The General Purpose Science Cluster is currently a non-mission critical infrastructure supporting high performance computing for five science-based departments. It is a shared resources environment where SSC provides core hours to clients up to a predetermined limit. This limit is based on the number of core hours procured by the client. Once this limit is reached, clients can still use any available resources. In order to better manage resources, including assigning a lower priority to jobs from clients who have exceeded their limit, SSC is implementing a new resource allocation algorithm for this shared environment.

In January 2018, the Service, Project and Procurement Review Board approved the launch of HPC services. SSC has developed six distinct HPC service offerings for clients through its two enterprise HPC infrastructures:

  • Extreme Computing
  • Big Data Repository
  • Application Scalability and Performance
  • Big Data Exchange
  • Interaction and Visualization, and
  • Data Acquisition

A full description of the HPC services can be found in Appendix B. Additional HPC service offerings will be added to SSC’s service catalogue as they become available.

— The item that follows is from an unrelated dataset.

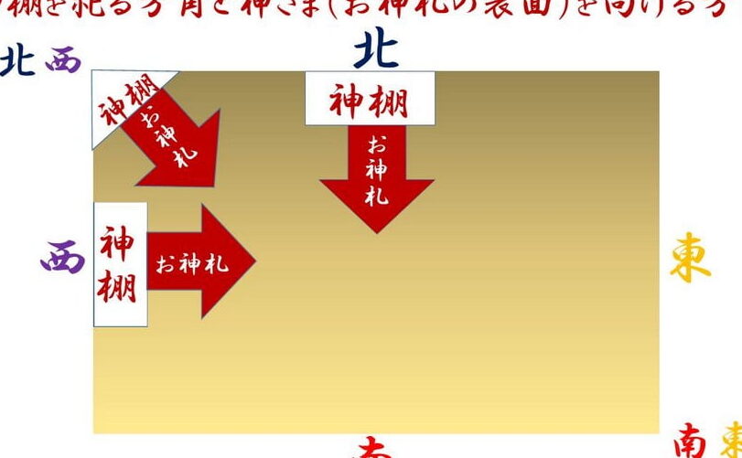 - 背後に壁を設ける。 御札を置く場所は、できるだけ壁に対して垂直に配置します。後ろに支えがあることで、安心感を損なわない効果があります。

Client demand for HPC services is increasing. Current clients are running new projects while new clients are expressing interest in starting to use SSC’s HPC services.

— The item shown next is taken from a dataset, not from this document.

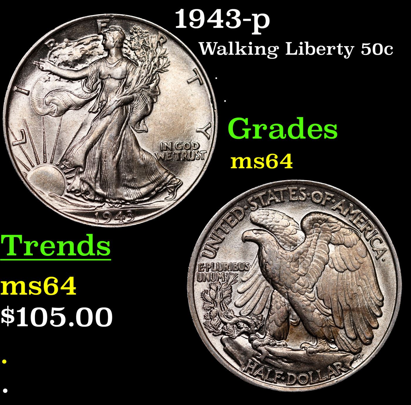 1943-p Walking Liberty Half Dollar 50c Grades Choice Unc.

2. Rationale for the audit

This audit was identified as a high priority from a range of potential assurance engagements originating from SSC’s broader Infrastructure Plan. High Performance Computing is an SSC service that provides clients with superior computational power and capacity otherwise not available with regular computers.

High Performance Computing has its own inherent risks such as, but not limited to, identification of client requirements, managing client capacity, and operating and maintaining the HPC service. As a result, senior management wanted to obtain an early sense of implementation and deployment of High Performance Computing services.

3. Audit authority

This audit was approved in SSC’s 2017-2020 Risk Based Audit Plan.

4. Objective of the audit

The objective of this audit was to provide assurance that processes are in place and aligned to SSC’s mandate, government priorities and client needs for the strategic delivery and management of HPC services.

5. Scope

The audit scope included relevant processes and controls for enterprise HPC related to decision-making, capacity planning and client engagement.

The assessment of SSC’s HPC capacity planning specifically focused on SSC’s enterprise Extreme Computing services and did not include Data Acquisition, Application Scalability and Performance, Data Exchange, Big Data Repository and Interaction and Visualization services. In addition, this audit did not assess SSC’s financial capacity to offer HPC services.

The evidence was collected during the period of the audit, which spans from March 2018 to August 2018.

6. Methodology

During the examination phase, the audit team:

  • Interviewed staff across three SSC branches
  • Interviewed executives from three departments identified as main users of HPC
  • Reviewed relevant documents, and
  • Performed data analysis

The audit criteria are included in Annex A.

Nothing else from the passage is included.